Societal Choices Impact Biodiversity in
Forest-Agroecosystem Matrix

The Making of Conservation in a Pacific Island, Lanyu

Cheng-Heng Hu, Conservation Biology Program, Univ. of Minnesota, US

PDF photo :

flow chart

case vs. variable

hypothetical stat

fugures

(ps: need a adobe pdf viewer? )

This project proposes to adopt a micro-comparative approach to examine how local individuals and social groups experience the alleged modernizing or development process, and their anti-systemic responses to the formation of a worldwide capitalist system. At present, the East Asian region has become the new epicenter of global capital accumulation, and provides an excellent non-European spatial cluster to study human social life under global capitalism. I intend to choose a peripheral island of Taiwan, Lanyu, to study the relationship between rural social life and management of living resources as consequences of peasant reactions to the global capitalizing trend.

In this area study, local structure of social life is primarily framed by the large historical process. Before the Treaty of Shimonoseki in 1895, the Yami people in Lanyu lived in primitive agrarian and fishing communities and witnessed the decline of the Chinese Empire. In the twentieth century, these indigenous people experienced Japanese expansion in a 50-year colonial period, and then the national-state formation of Taiwan in the postcolonial stage. In just a half-century, this 45-km2 tropical island between Taiwan and the Philippines has been incorporated into a part of a global capitalist system through natural resources exploitation and labor out-migration to Taiwan. During the period of diversified social changes, their gift economy (trade goods instead of cash) has been gradually overwhelmed by a new mode of economic exchange, cash.

Capitalism directly influences people's social lives and challenges the traditional distribution of biodiversity goods, such as varieties of crop food. It introduces new-forming social inequalities and internal differentiation of peasant communities. By increasing small-scaled capital in local agriculture, local capitalist development usually leads to an enlarging wealth gap between rich and poor strata, which means the poor suffer more and there are more of them. In the interaction of vanishing traditions and new capitalist structure, there are severe declines in environmental biodiversity, land fertility and social equality. The correlated deterioration of environment and social life requires causal explanation and urgent solutions.

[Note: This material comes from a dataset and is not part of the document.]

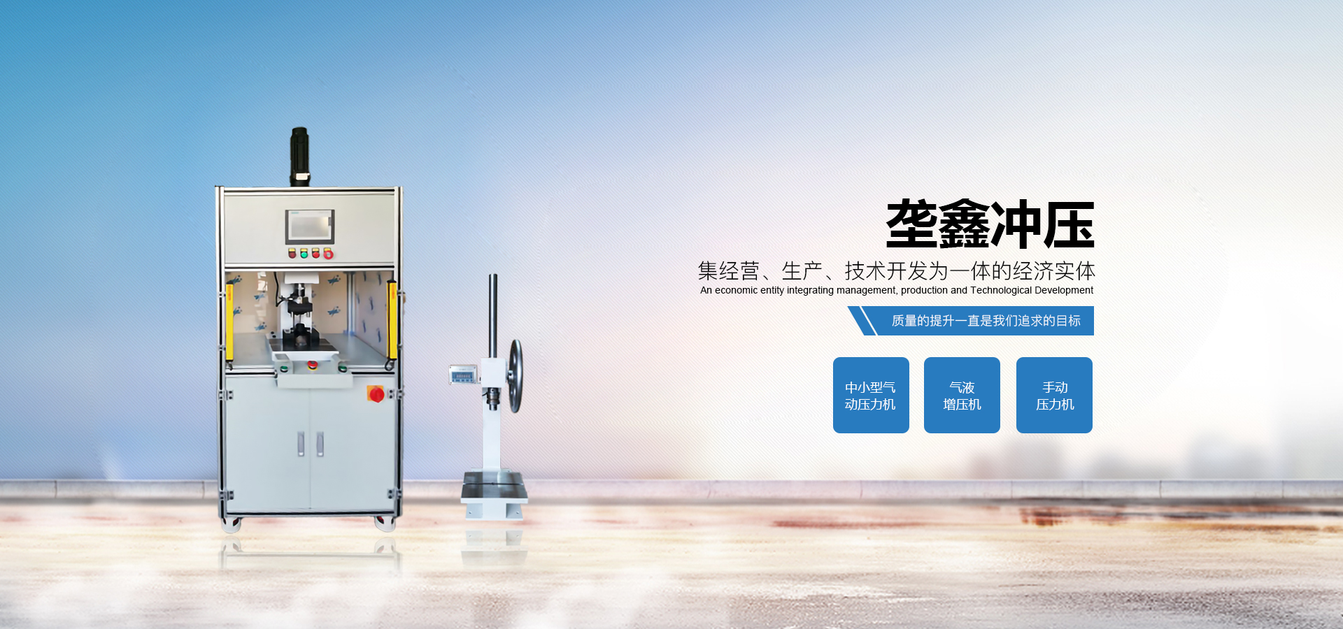 煙臺壟鑫沖壓設(shè)備有限公司是集經(jīng)營、生產(chǎn)、技術(shù)開發(fā)為一體的經(jīng)濟實體,專業(yè)致力于中小型壓力機、非標(biāo)壓力機的設(shè)計開發(fā)和制造。在引進德國、日本等國家先進的鉚壓控制技術(shù)及機器設(shè)計理念的基礎(chǔ)上,結(jié)合相關(guān)行業(yè)的實際需要,開發(fā)出各種臺式、落地式氣動壓力機、手動壓力機、氣液增壓機、氣液增力缸、旋鉚機、無鉚釘鉚接機等鉚接設(shè)備。產(chǎn)品應(yīng)用領(lǐng)域廣泛,適用于汽車零件、電子、電器、家電、包裝、五金、等行業(yè)。公司視質(zhì)量為生命,并一貫遵循對每一臺產(chǎn)品負(fù)責(zé),對每一位用戶負(fù)責(zé),真誠為您服務(wù)。 自公司成立以來,秉承“誠信,創(chuàng)新,專業(yè)”的經(jīng)營理念,以優(yōu)質(zhì)的產(chǎn)品,完善的售后服務(wù),樹立良好的品牌形象,服務(wù)于廣大新老顧客。我們竭誠于各位同仁攜手并進,共謀發(fā)展。

In this context, struggles against the deterioration of environment and natural resources represent a challenge to the global capitalist system. How do local people use biodiversity to survive? How do they manage biodiversity to experience poverty and environmental degradation? To address the strength of the local people, I will study their agriculture to understand how they fight for survival through manipulating crop diversity. By examining their peasant resistance such as illegally occupying national forest to cultivate taro, the following hypothesis is proposed to be tested: Agronomic culture and its related use of taro diversity serve as the core material foundation for the Yami to interact against the capitalist system.

To the Pacific Islanders like Yami, taro crop in Lanyu is the primary staple of local subsistence economics and significant goods for social exchange as gifts. A number of ethnographic studies describe the details of how Yami people intensively use taro plants, and how taro plays diverse functions in their daily lives, such as starchy food, pig fodder, packaged fiber and ritual symbol. To farmers, the primary way to protect food production in low-input farming systems is crop diversity, which is manipulated and sustained by local agronomic knowledge. As means of production, this knowledge of living resource management has a two-fold function: to maintain social solidarity and to resist outside disturbance. In the modernizing process, the exchange of taro variety in particular social networks may serve as a new process for peasants to use their special knowledge to run counter to global capitalism. But none of the existing agronomic studies have attempted to examine how Yami subsistence knowledge has changed taro diversity through local social processes of resource management, which have also changed to correspond to the whole capitalizing process. These changes may provide an excellent opportunity to test and revise the ideas regarding the ultimate human fate under the global capitalist system, and to examine the patterns of solutions that local people have found from their resistance and struggle.

I will compare current taro agriculture and farmers' knowledge among different groups and social networks in two indigenous villages. Yaro village, located on the west coast with the only trading harbor on the island, has experienced major modernization. In contrast, Ivarinu village still keeps a relatively traditional lifestyle on the east coast of Lanyu. These two communities are ten miles apart with mountainous geographic barriers and maintain regular communication through the only road around the coast. In these two villages, the comparative understanding of their taro culture and its supporting mechanism of social life can serve as the keys to understanding how local adaptive knowledge secures sustainable resources in confronting modernizing impacts. From past researches in local resource management, scholars identify that the farmers' practical knowledge ensures maintaining crop diversity to meet multiple local needs, and ultimately makes their crop production and agroecosystem resilient enough to tolerate outside natural and social disturbance. The newly forming complexity and strategies of agronomic knowledge for embedding capitalism will provide us with updated information about peasant reactions to the big capitalist structure.